_WHAT THIS TASK INVOLVES_
Copy exactly the lines from the start of the data below through the one that carries "Camiseta unisex con", and only those.

_RAW DATA_
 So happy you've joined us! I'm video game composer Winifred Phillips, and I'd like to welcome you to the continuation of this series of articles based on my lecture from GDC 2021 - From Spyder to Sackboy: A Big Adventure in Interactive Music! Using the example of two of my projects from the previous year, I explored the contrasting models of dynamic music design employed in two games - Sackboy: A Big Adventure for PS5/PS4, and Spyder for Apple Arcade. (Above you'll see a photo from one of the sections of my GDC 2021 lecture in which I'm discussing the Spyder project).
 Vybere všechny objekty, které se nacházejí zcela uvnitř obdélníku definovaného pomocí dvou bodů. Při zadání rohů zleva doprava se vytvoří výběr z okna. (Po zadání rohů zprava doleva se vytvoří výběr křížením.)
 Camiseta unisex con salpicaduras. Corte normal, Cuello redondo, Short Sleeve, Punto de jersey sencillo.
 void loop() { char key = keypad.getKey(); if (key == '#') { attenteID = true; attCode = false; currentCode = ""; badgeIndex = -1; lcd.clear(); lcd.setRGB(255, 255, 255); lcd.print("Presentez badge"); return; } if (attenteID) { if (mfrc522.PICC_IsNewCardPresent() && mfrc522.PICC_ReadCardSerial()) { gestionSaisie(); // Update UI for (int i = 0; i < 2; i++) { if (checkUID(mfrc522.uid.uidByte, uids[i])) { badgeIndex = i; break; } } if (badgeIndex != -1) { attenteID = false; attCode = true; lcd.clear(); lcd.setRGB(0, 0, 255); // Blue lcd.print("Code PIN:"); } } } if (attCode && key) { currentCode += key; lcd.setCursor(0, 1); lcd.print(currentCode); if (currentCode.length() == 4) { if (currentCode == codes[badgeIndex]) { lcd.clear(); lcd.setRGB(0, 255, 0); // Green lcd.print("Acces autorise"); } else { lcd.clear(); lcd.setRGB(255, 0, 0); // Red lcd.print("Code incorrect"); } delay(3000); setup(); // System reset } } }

_SOLUTION_
 So happy you've joined us! I'm video game composer Winifred Phillips, and I'd like to welcome you to the continuation of this series of articles based on my lecture from GDC 2021 - From Spyder to Sackboy: A Big Adventure in Interactive Music! Using the example of two of my projects from the previous year, I explored the contrasting models of dynamic music design employed in two games - Sackboy: A Big Adventure for PS5/PS4, and Spyder for Apple Arcade. (Above you'll see a photo from one of the sections of my GDC 2021 lecture in which I'm discussing the Spyder project).
 Vybere všechny objekty, které se nacházejí zcela uvnitř obdélníku definovaného pomocí dvou bodů. Při zadání rohů zleva doprava se vytvoří výběr z okna. (Po zadání rohů zprava doleva se vytvoří výběr křížením.)
 Camiseta unisex con salpicaduras. Corte normal, Cuello redondo, Short Sleeve, Punto de jersey sencillo.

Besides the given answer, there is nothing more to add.